The official implementation of Energy-Inspired Molecular Conformation Optimization (ICLR 2022)

Primary LanguagePythonMIT LicenseMIT

Energy-Inspired Molecular Conformation Optimization

License: MIT

This repository is the official implementation of Energy-Inspired Molecular Conformation Optimization (ICLR 2022). [PDF]

Installation

Dependency

The code has been tested in the following environment:

Package Version
Python 3.7.11
PyTorch 1.9.0
CUDA 11.1
PyTorch Geometric 2.0.3
DGL 0.6.1
RDKit 2020.09.1

Install via Conda and Pip

conda create -n confopt python=3.7
conda install rdkit -c rdkit
pip install torch==1.9.0+cu111 torchvision==0.10.0+cu111 torchaudio==0.9.0 -f https://download.pytorch.org/whl/torch_stable.html
pip install torch-scatter torch-sparse torch-cluster torch-spline-conv torch-geometric -f https://data.pyg.org/whl/torch-1.9.0+cu111.html
pip install dgl-cu111 tensorboard easydict ase
pip install lie_learn # for SE(3)-Transformer baseline

You may need to install pytorch, pytorch-geometric and dgl by yourself to make it compatible with your CUDA version.
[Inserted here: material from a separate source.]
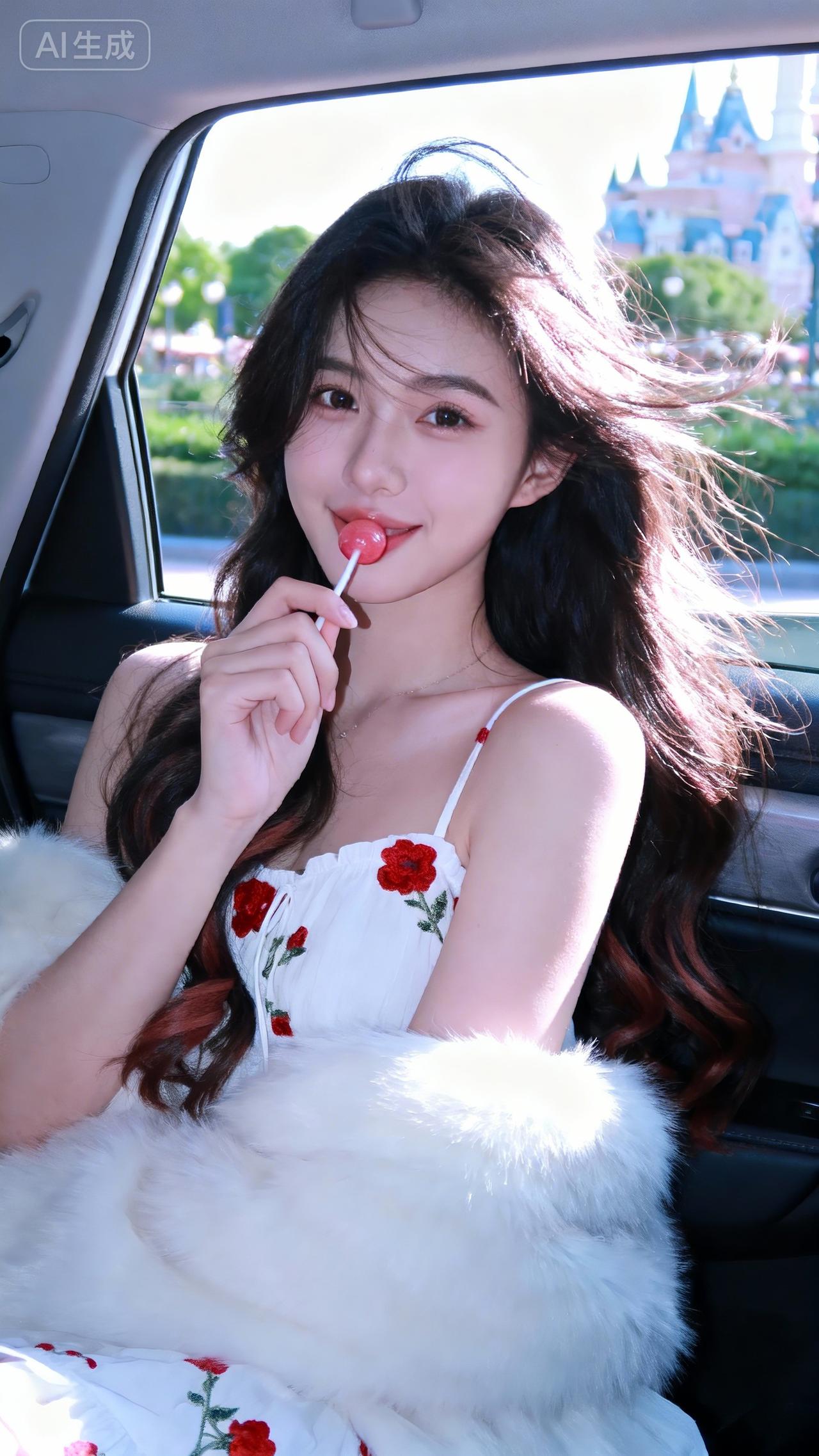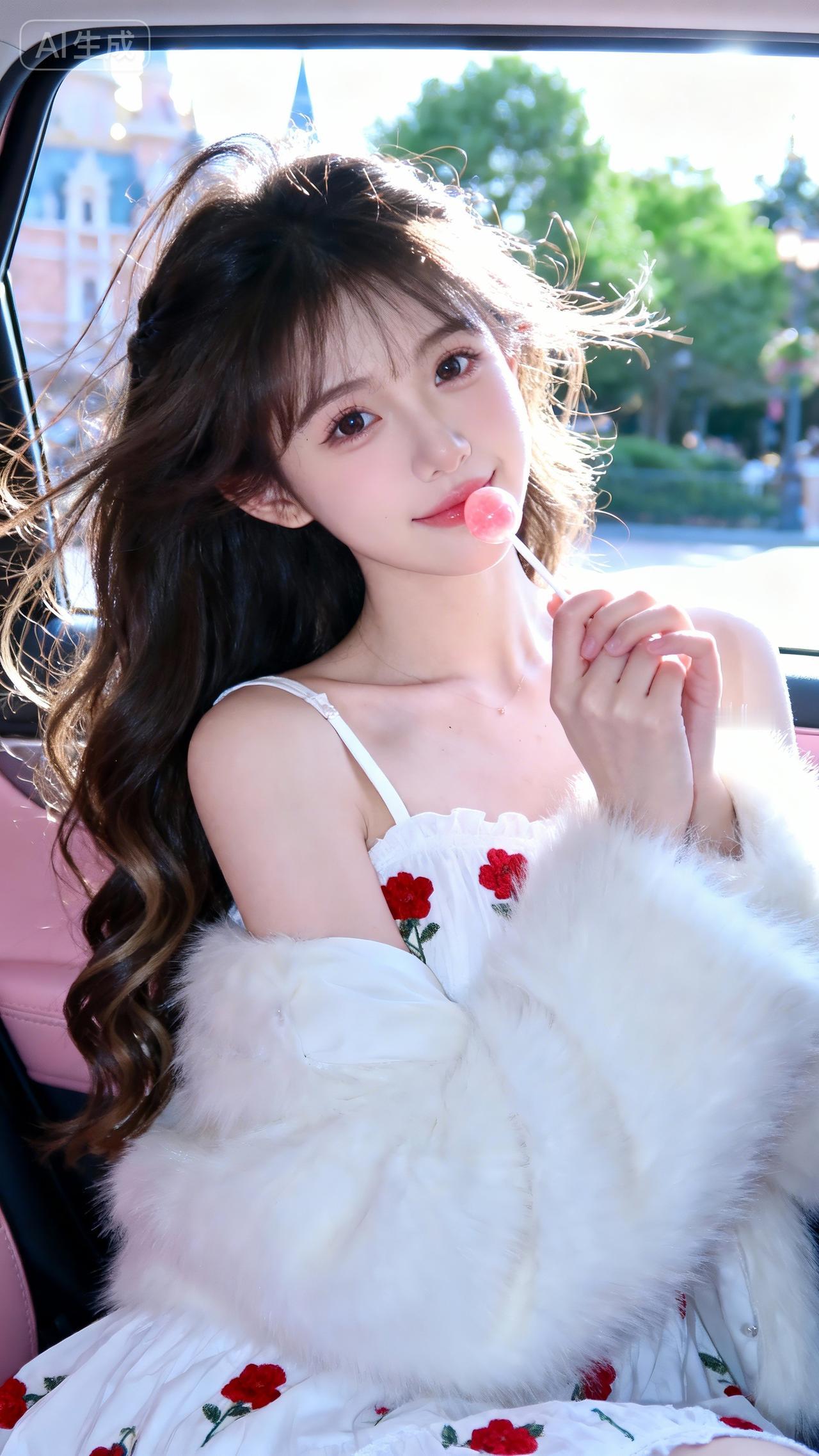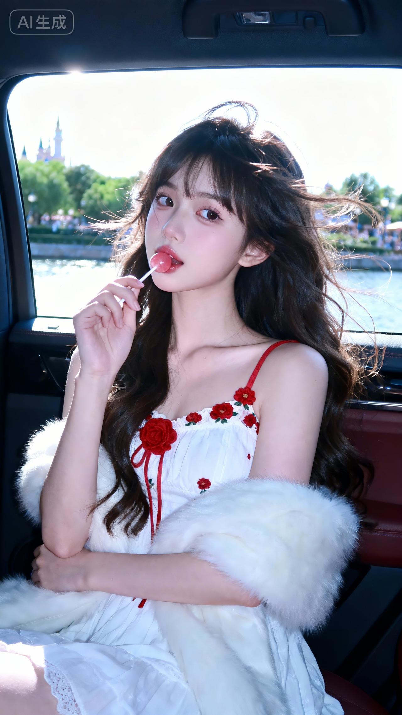 车内甜美,白裙红玫瑰刺绣配毛绒外套,甜欲少女氛围感拉满温柔内饰 米色内饰 汽车显白穿搭
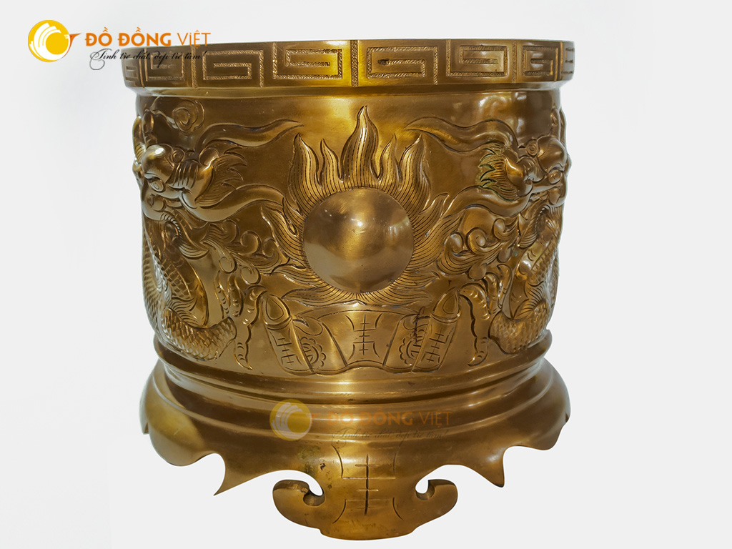 Sản phẩm bát hương đồng có dạng hình trụ. Trong đó miệng bát có đường viền gờ nổi dày dặn bao quanh. Chi tiết này được để mộc, không sử dụng hoa văn trang trí. Ở thân bát, người nghệ nhân đã chạm nổi vầng nguyệt ở giữa. Bên trong nó có hai nửa âm dương cân bằng, bên ngoài là ánh sáng tỏa ra. Ở hai bên có đôi rồng chầu vào. Chúng đứng trên những áng mây, tạo nên vẻ đẹp huyền thoại.

Data and Pre-trained Models

The processed data and the pre-trained models can be found in this folder. You can also download them via the following command:

# for dataset (10.79 GB)
wget -O data.zip 'https://www.dropbox.com/sh/bcidyj2mbgy5dp2/AAB_lXSjadWI1wUk6WZgLEBGa?dl=1' 
unzip data.zip -d data

# for pre-trained models (1.49 GB)
wget -O pretrained_models.zip 'https://www.dropbox.com/sh/cq6ho0imyynkfpg/AACq0GW_auRdLXAIQicnG56wa?dl=1' 
unzip pretrained_models.zip -d pretrained_models

If you meet difficulties in downloading the data / pretrained models, please try this Google Drive link.

Training

Conformation Optimization

To train a conformer optimization model:

python train_conf.py --config configs/{qm9, drug}_default.yml --model_type {equi_se3trans, egnn, ours_o2, ours_o3}

Conformation Generation

To train a conformer generation model:

  • with random initial conformers:
python train_sampling.py --config configs/{qm9, drug}_sampling.yml --model_type ours_o2 --propose_net_type random --noise_std 0.028 --eval_propose_net_type random --eval_noise 0.028
  • with RDKit initial conformers:
python train_sampling.py --config configs/{qm9, drug}_sampling.yml --model_type ours_o2 --propose_net_type gt --noise_std {0.5, 1.0} --eval_propose_net_type online_rdkit --eval_noise 0.

Property Prediction

To train a property prediction model:

python train_prop.py --config configs/qm9_prop_default.yml --model_type ours_o2 --pos_type {gt, rdkit, ours} --target_name homo

Evaluation

Conformation Optimization Evaluation

To evaluate the conformer optimization model:

python eval_conf.py --ckpt_path <model_path> --test_dataset <dataset_path>

For example, with data and pretrained model prepared (see above), you can run the following command to evaluate our two-atom model on the QM9 dataset:

python eval_conf.py --ckpt_path pretrained_models/conf_opt/qm9_our_o2 --test_dataset data/qm9/qm9_test.pkl

One can also dump optimized conformers and reproduce the results with error bars reported in the paper with the following command. Dumped conformers can also be used in downstream tasks like molecular property prediction.

python dump_confs.py \
  --test_dataset data/qm9/qm9_test.pkl \
  --ckpt_path_list pretrained_models/conf_opt/qm9_our_o2 \
  --dump_dir dump_confopt_results \
  --filter_pos False --rdkit_pos_mode all

Conformation Generation Evaluation

To evaluate the conformer generation model:

python eval_sampling.py --ckpt_path <model_path> --eval_propose_net_type random --eval_noise 0.028

or:

python eval_sampling.py --ckpt_path <model_path> --eval_propose_net_type online_rdkit --eval_noise 0.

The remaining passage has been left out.